- The paper presents a novel multi-agent deep RL framework with action supervision to better assess the contributions of soccer players.
- It leverages GRUs and a temporal difference loss combined with supervised learning for more accurate Q-value estimation in dynamic game settings.
- Comparative analysis shows the model delivers robust valuation of both on- and off-ball actions, enhancing scouting and tactical decisions.
Action Valuation for Soccer Players Using Deep Reinforcement Learning
Introduction
This paper introduces a novel method for valuing the actions of on- and off-ball soccer players using a holistic framework based on multi-agent deep reinforcement learning (RL). The approach leverages a discrete action space in a continuous state space, mimicking Google Research Football, and incorporates supervised learning to enhance RL effectiveness. The valuation method addresses the challenges posed by the dynamic nature of soccer, where players continuously make decisions in a spatiotemporally continuous environment. The proposed framework assesses both the overt and subtle contributions of players, providing valuable insights into teamwork effectiveness, player scouting, and fan engagement.
Methodology
The RL framework comprises three core components: state, action, and reward. The state includes the positions and velocities of players and the ball, while the actions encompass movement directions, passes, and shots. Rewards are assigned based on game outcomes, such as goals, expected scoring probabilities, and opponent attacks.
The architecture of the RL model incorporates gated recurrent units (GRUs) for processing sequential game state inputs and outputs Q-values for each player's actions.
Figure 1: Our deep RL model with action supervision.
To enhance learning accuracy, the model employs a temporal difference (TD) loss function combined with action supervision. The action supervision restrains learning trajectories by emphasizing actions taken in the actual game, inducing an inductive bias to efficiently estimate Q-values for potential actions.
Experiments and Results
Experiments were conducted using data from 54 games in the 2019 Meiji J1 League. The effectiveness of the model was demonstrated through the analysis of attack sequences from Yokohama F. Marinos. Quantitative evaluation showed that models with action supervision exhibited superior performance, evidenced by lower TD loss and higher Q-values for realistic playing strategies.
Figure 2: Example of estimated Q-values. (a) shows an example attack. Blue, red, and black indicate the attacker, defender, and the ball, respectively (note that the ball is over a defender). (b) and (c) show the Q-value of player A for each action using the RL model with and without action supervision, respectively. Note that i,p,sh,sp,rd,ss correspond to idle, pass, shot, sprint, decelerate, and sprint end, respectively, and arrows correspond to the direction of movement.
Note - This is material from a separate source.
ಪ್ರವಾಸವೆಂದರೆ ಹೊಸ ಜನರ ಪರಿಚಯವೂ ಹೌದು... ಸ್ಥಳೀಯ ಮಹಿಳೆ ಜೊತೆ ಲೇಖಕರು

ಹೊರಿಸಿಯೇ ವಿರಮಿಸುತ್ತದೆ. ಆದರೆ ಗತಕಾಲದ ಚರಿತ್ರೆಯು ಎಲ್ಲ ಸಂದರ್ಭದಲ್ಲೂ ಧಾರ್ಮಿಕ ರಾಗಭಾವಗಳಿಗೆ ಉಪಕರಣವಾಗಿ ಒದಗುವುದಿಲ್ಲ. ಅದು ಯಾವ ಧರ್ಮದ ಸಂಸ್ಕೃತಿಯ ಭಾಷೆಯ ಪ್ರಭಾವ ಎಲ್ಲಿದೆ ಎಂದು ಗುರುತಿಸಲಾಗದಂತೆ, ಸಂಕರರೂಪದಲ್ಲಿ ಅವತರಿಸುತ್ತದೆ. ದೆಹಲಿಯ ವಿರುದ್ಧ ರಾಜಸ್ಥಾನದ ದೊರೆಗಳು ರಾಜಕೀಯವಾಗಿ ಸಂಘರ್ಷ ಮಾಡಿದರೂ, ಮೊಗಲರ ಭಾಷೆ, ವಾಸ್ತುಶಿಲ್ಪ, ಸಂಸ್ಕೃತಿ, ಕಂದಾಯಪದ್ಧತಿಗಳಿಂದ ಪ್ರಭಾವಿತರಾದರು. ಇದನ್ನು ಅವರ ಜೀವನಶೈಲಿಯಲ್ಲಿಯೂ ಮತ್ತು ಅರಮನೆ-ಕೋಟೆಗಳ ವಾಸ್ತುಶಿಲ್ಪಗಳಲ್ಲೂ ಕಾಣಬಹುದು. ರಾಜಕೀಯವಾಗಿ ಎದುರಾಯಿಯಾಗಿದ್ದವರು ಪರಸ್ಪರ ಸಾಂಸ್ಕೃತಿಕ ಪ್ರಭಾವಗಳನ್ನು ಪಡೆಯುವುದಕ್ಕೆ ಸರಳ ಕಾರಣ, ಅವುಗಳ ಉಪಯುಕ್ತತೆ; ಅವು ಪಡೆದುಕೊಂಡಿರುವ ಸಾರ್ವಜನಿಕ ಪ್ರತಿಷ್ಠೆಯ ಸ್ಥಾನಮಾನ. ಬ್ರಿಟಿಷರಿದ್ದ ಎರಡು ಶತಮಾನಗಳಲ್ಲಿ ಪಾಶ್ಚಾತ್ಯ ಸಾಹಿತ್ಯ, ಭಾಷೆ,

The proposed method displayed robustness in valuing defensive players' contributions, correlating significantly with players known for their effective passes. The analysis of player valuation against conventional indicators like goals, expert ratings, and existing scoring models highlighted the unique insights provided by the RL framework.
Figure 3: The relationship between (a) average Q-values computed by the proposed method and season goals and (b) average Q-values of on- and off-ball states.
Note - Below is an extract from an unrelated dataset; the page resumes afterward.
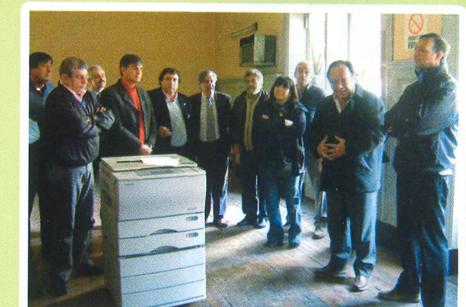
El movimiento obrero de Córdoba recupera la sede histórica de la CGT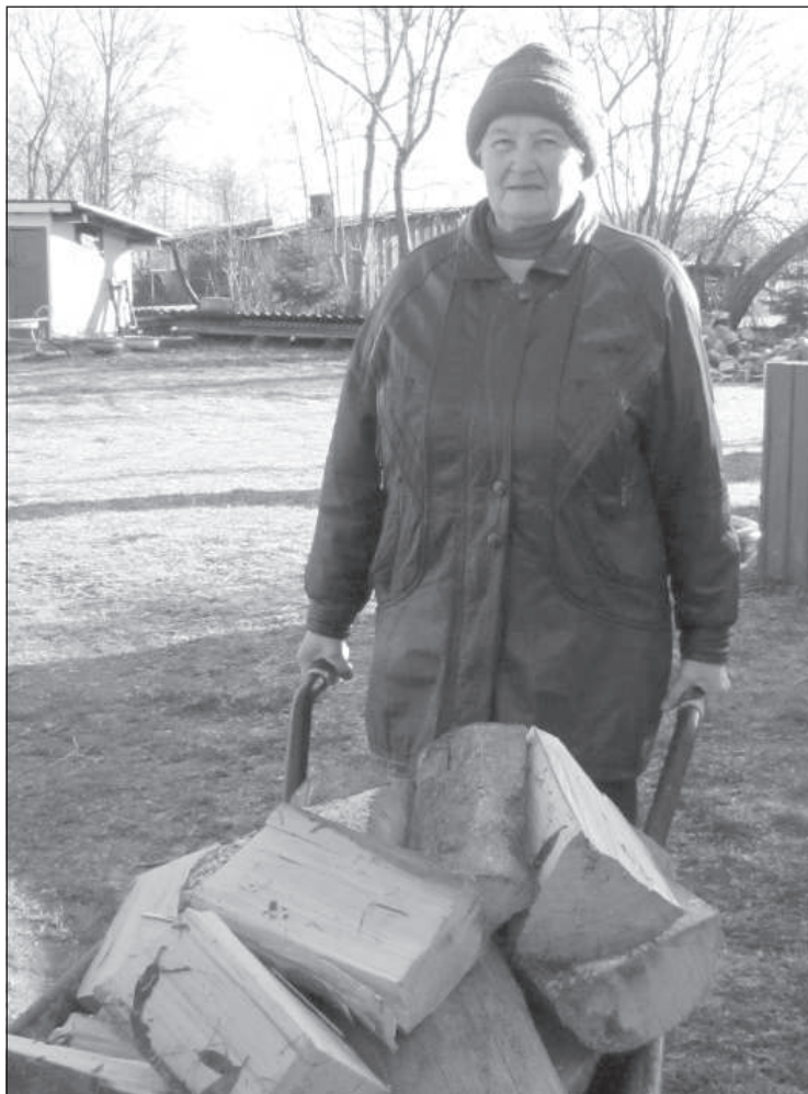
Дровами занимается только сама.

Figure 4: The relationship between average Q-values by the proposed method and (a) the average rating by the experts, (b) OBSO \cite{Spearman18}.
Comparative Analysis
The proposed method was evaluated against other indicators, such as OBSO and C-OBSO. These comparisons underscored the proposed approach's capability to comprehensively value players' impacts, including their indirect contributions through strategic movements and passes. The RL model's valuations effectively identified players' contributions beyond mere goal-scoring, reflecting their overall engagement in playmaking and defense.
Conclusion
The paper presents a deep RL framework augmented with action supervision that systematically values soccer players' contributions in a continuous and dynamic environment. This approach provides meaningful insights into player valuations, offering a tool for coaches, scouts, and teams aiming to enhance team collaboration and extract individual player assessments. Future work may involve refining RL models with more sophisticated reward functions and advancing simulations to bolster player valuation accuracy. The results contribute to strengthening the understanding of tactical behavior modeling in team sports, paving the way for intelligent sports analytics.